Who Gives a Damn if Androids Dream of Electric Sheep?

Using AI to write a story is a shortcut: it imitates, but can’t capture the messy, contradictory way humans think.

Who Gives a Damn if Androids Dream of Electric Sheep?
A scene from Blade Runner

The first time I watched Blade Runner, I was just a kid. I didn’t care about the ethics or what technology was supposed to mean for humanity. The replicants were just cool, and Roy Batty (Rutger Hauer) outshone them all. His whole deal was fighting to stay alive and trying to figure out what life and death even mean. It’s our story too. You spend years trying to make sense of why you’re here, and by the time some of it starts to click, you’re already on your way out.

“An android,” he said, “doesn’t care what happens to another android. That’s one of the indications we look for.”
“Then,” Miss Luft said, “you must be an android.”
Philip K. Dick, Do Androids Dream of Electric Sheep?
A scene from Blade Runner

Not born

Blade Runner comes from Philip K. Dick’s novel Do Androids Dream of Electric Sheep?. The book is set in San Francisco in 1992, even though Dick wrote it back in 1968. The world has been wrecked by a global disaster.
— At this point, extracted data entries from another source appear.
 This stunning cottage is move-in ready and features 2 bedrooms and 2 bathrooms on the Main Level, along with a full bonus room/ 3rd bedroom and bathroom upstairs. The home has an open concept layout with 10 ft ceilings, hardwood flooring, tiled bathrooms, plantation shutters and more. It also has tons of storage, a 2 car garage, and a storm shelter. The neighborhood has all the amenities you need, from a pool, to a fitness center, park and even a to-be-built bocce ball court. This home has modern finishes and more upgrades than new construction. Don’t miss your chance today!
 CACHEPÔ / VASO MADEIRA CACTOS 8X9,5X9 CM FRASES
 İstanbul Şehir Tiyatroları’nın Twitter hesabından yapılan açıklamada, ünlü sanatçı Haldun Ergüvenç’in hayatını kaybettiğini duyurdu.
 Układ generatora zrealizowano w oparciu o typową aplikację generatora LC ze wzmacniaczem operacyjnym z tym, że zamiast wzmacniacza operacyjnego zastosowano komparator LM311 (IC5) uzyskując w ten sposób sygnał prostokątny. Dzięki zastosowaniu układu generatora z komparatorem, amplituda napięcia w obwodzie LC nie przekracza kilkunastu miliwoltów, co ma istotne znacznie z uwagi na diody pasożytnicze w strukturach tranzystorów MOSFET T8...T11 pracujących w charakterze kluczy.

The government keeps repeating its slogan without a trace of warmth: “Emigrate or degenerate.” Anyone with drive heads to Mars. Androids are treated like high-end tools, updated every year, with believable backstories and implanted memories. Rick Deckard (Harrison Ford) is the cop tasked with hunting down and “retiring” these “children of human engineering,” designed to be dangerously close to their creators. The official line is that they don’t have empathy; they can’t feel anything for anyone. At least, that’s what people want to believe. Things start to shift when Deckard is assigned to take out a group of Nexus-6 models who behave in ways that look a lot like being human.
It’s a world running out of life, and the last thing people cling to is a shared sense of feeling. They try to boost it with Mercer’s empathy boxes or by caring for electric animals, robotic stand-ins for the real ones that are nearly gone. What Deckard doesn’t see coming is a simple question: if an electric sheep can do its job, why not an android? Why not care for one? Maybe even love one. Love something built, not born.

Being human

In one of the book’s most unsettling scenes, a group of androids takes apart a real spider, driven by curiosity about how it works. Curiosity is supposed to be a human trait, but in Dick’s worn-down universe, nothing is what it seems. Androids are knockoff versions of people, while the empathy box (a device that might as well be an early version of logging into a shared online feed) creates a second reality that bleeds into the first until the two start trading places. That’s the trick: the boundaries between real and artificial are constantly shifting. When Deckard realizes he feels pity, and something more, for the androids he’s been ordered to destroy, that supposedly “human-only” empathy has already crossed the line. His relationship with Rachel, the android he chooses as a partner while drifting away from his exhausted and bitter wife, pushes that line even farther. She stops being a manufactured object, and he no longer sees himself as purely human.

AI or not AI

I’m not interested in giving the usual lecture about artificial intelligence. I don’t think technology is the real problem. The issue is what we choose to do with it. But we have to remember that everything comes at a cost. The digital shift turns the world into data. That data runs through algorithms that grow more complex every day. Between input and output is the “black box”, where the system adjusts itself, learns patterns, and builds a version of reality that feels close enough. William Gibson called this cyberspace. Nothing in it is real.
When we use AI to write a story, we’re not truly creating anything, we’re getting an imitation, shaped from the prompts we feed the machine. It might feel quick and painless, but it’s only a shortcut. No machine can reproduce the messy, uneven, contradictory way human minds work.

The sense of wonder

AI doesn’t work with reality. It works with copies, mass production, not meaning. And meaning is value, not volume. A plane and a bird both fly, but the bird flies because it’s in its nature. A plane flies because someone drives it.
Human thought carries identity, contrast, and judgment. It comes from wonder, and wonder isn’t just about answering questions, following prompts, or collecting data. It’s the way we create our own understanding of the world. It’s… life.
AI has no past, no personal memory, no life to look back on. It doesn’t know love, anger, fear, or hope; it can only replay combinations that look close enough. We ask it to write about love, but what love could it ever truly know? The same goes for grief, joy, disgust, and desire. These aren’t templates, they come from living inside a body and a history.
Sure, the content AIs produce today look cleaner: the voices sound human; the videos look real. But imitation isn’t originality. And I’m not talking about some abstract idea of genius, I’m talking about that strange human condition where we stand in two places at once, grounded in what we live and pulled forward by what we imagine. Every single moment, we descend into ourselves and transcend ourselves. Only a living mind can do that.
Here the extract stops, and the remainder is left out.